“Where’s Sate?” asked Santa Claus.

“Sate can’t pull a sled,” said Tommy. “He’s too little. Besides, he ain’t an Eskimo dog—I mean he isn’t,” he corrected quickly, seeing Santa Claus look at him. “But he’s awful bad after cats.” Just then, to his horror, he saw Sate in the show-case with his eye on a big, white cat. He could hardly keep from crying out; but he called to him very quietly, “Come here, come here, Sate. Don’t you hear me, sir? Come here.”

He was just about to go up and seize him when Santa Claus said: “He’s all right. He’s just getting acquainted.”

“My! how much he talks like Peake,” thought Tommy. “I wonder if he is his uncle.”

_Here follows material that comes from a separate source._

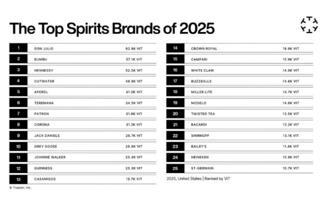 In the list of 2025’s top spirits brands in the US, according to their VIT ranking, Diageo-owned Don Julio Tequila has come out on top, with a VIT score of 62,800. This is followed by Pernod Ricard-backed Bumbu rum (57,100) and LVMH’s Hennessy Cognac (52,000).

Just then Sate began to nose among some little brownish-gray dogs, and so, Tommy called, “Here—come here—come along,” and out walked not only Sate, but six other dogs, and stood in a line just as though they were hitched to a sled, the six finest Eskimo dogs Tommy had ever seen.

“Aren’t they beauties!” said Santa Claus. “I never saw a finer lot; big-boned, broad-backed, husky fellows. They’ll scale an ice-mountain like my reindeer. And if they ever get in sight of a bear!” He made a gesture as much as to say, “Let him look out.”

“What are their names?” said Tommy, who always wanted to know every one’s name.

“Buster and Muster and Fluster, and Joe and Rob and Mac.”

“Ain’t one of them named Towser?” asked Tommy. “I thought one was always named Towser.”

“No, that’s a book-name,” said Santa Claus so scornfully that Tommy was sorry he had asked him, especially as he added, “Isn’t, not ain’t.”